Some would argue that this attention to boys’ difficulties is misguided because male privilege is still so pervasive. Glass ceilings are still intact. Old Boys’ Networks still operate. But the alienation of boys from literacy (and by extension, school itself) represents a terrible waste of potential, narrowing the future for many boys. It also works to make the lives of their teachers miserable as well, as they daily confront the resistance and evasions of male students. These battles are wearing and dispiriting.

In my first year of teaching I met this resistance in an all-boys high school in Boston. I called my dad that first night in a panic. How could I make it through a year, when students refused to read the anthology (and a few used it as a projectile)? He asked me the simple question, “What will they read?” I explained to him that I didn’t think there was anything in the musty book closet that they would voluntarily read.

“I’m not talking about the book closet.

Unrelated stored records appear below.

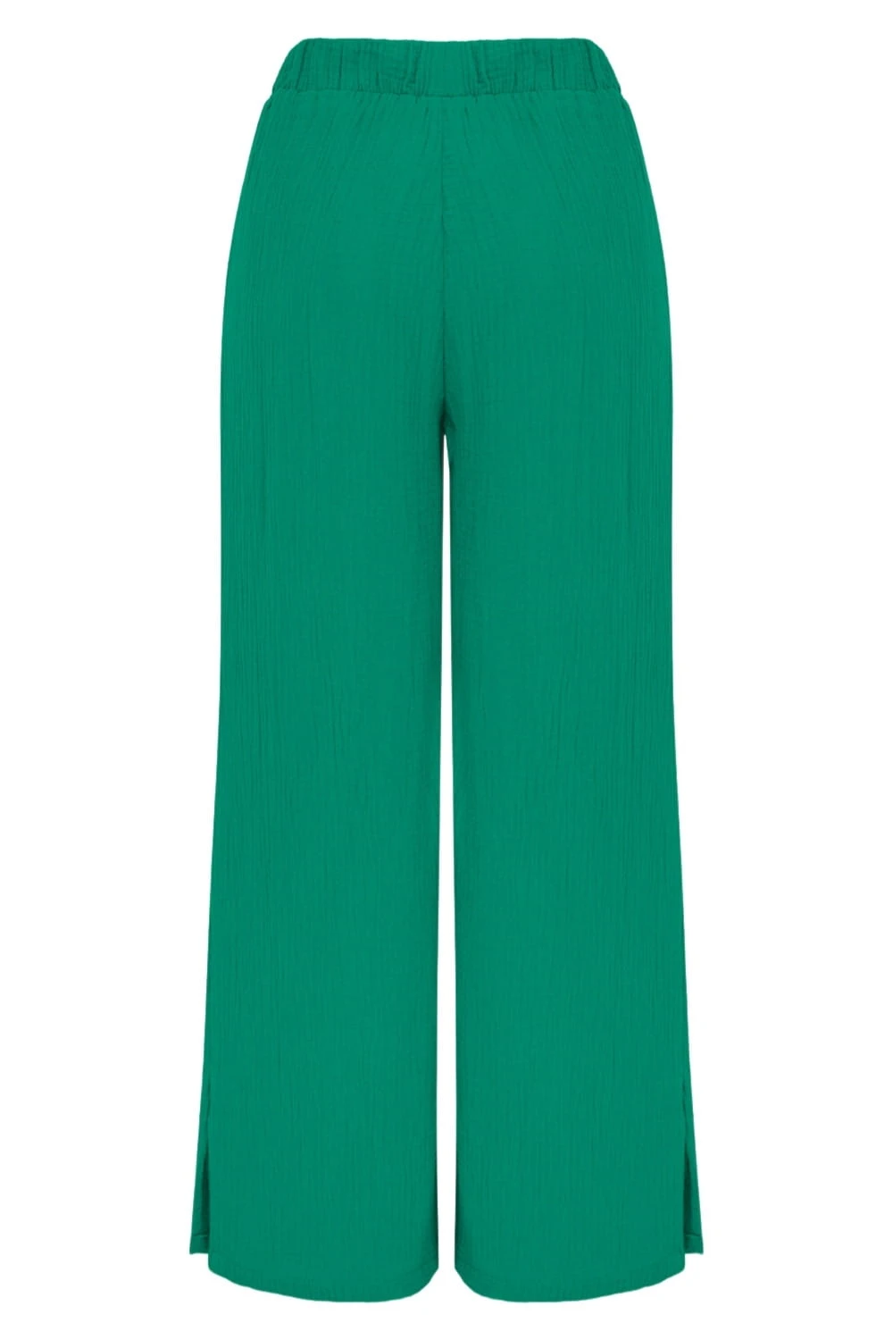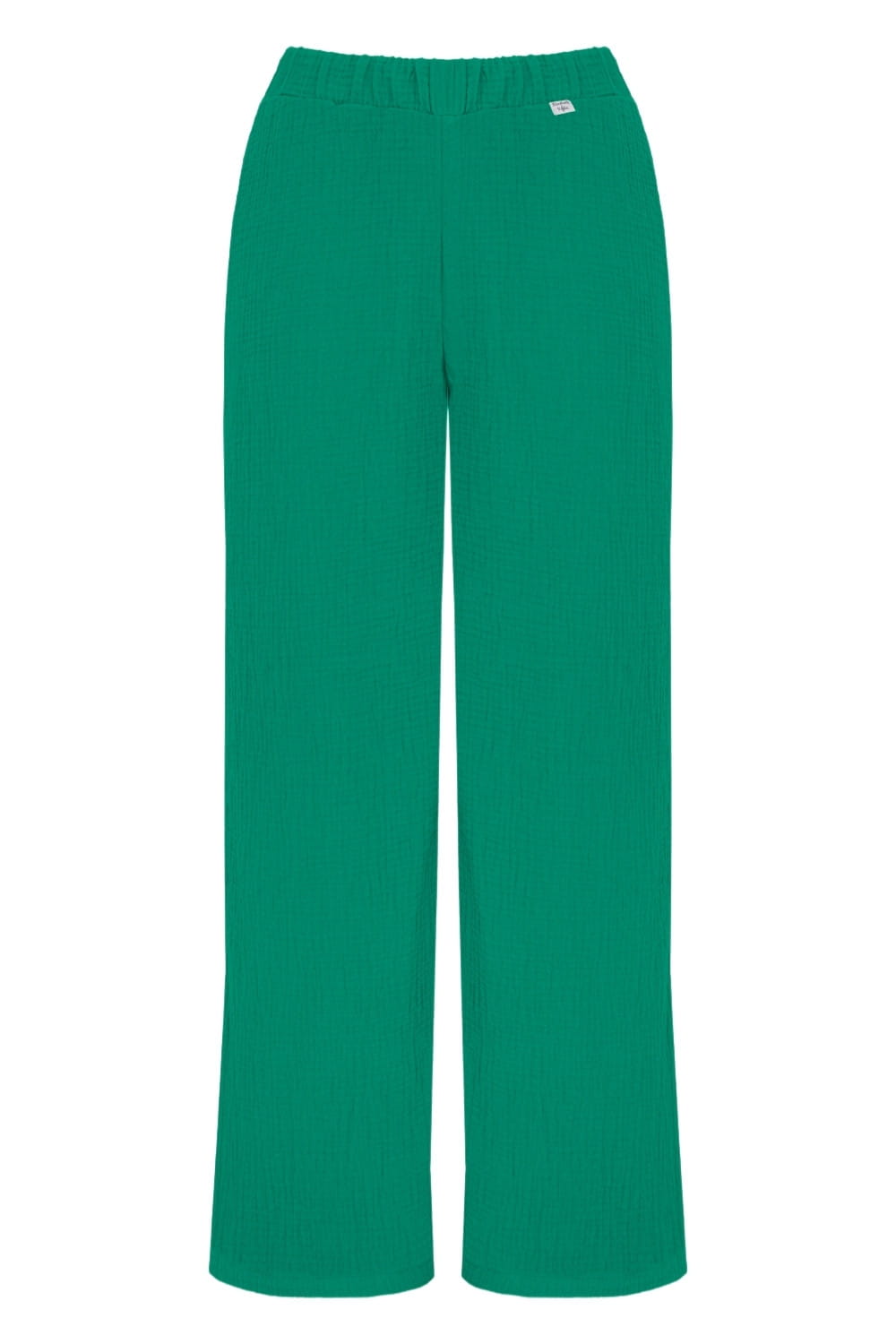 EMILY - Pepper Green - wygodne spodnie na gumce z szerokimi nogawkami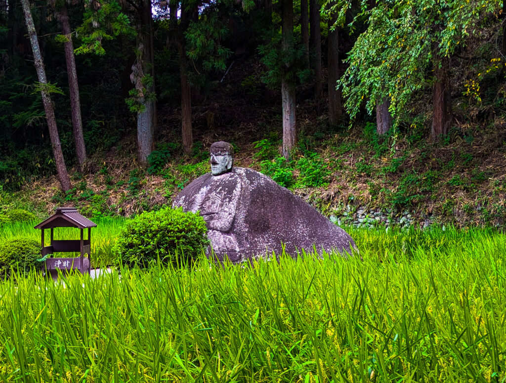 諏訪大社下社春宮のほど近く、のどかな風景の中に、その石仏はどっしりと鎮座しています 。巨大な自然石の胴体に、ちょこんと乗ったアンバランスな頭 。その表情は厳かでありながら、どこかユーモラスで愛嬌があり、見る人の心を和ませてくれます 。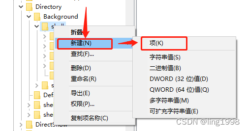 找到 HKEY_CLASSES_ROOT > Directory > Background > shell,若没有shell,新建shell目录即可。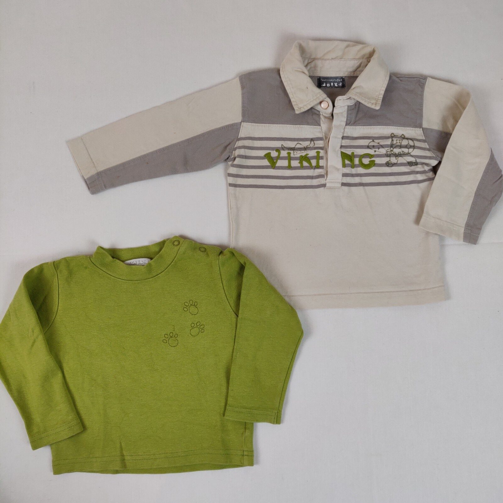 Autres commentaires : Lot de 2 pièces. T-shirt à manches longues « Orchestra » vert avec motifs centraux cousus empreintes d’ours. Ouverture latérale à 2 boutons pression. Léger effet pelucheux. Polo à manches longues » Tout compte fait » bicolore beige et gris. Motif central vicking avec inscription verte cousue « Vicking ». Ouverture centrale à un bouton pression et un bouton classique. Léger effet pelucheux.

What will they read?”

After some hesitation, I said that they might read Sports Illustrated.

“Well, tomorrow morning you buy every Sports Illustrated you can find and take them to class.”

I followed his advice, raiding all the newsstands in my neighborhood. The students did read. It was not a miraculous “Dead Poets Society” turnaround, but a good step in the right direction.

Thomas Newkirk is a professor of English at the University of New Hampshire, in Durham, N.H., and the author of Misreading Masculinity: Boys, Literacy, and Popular Culture (Heinemann, 2002).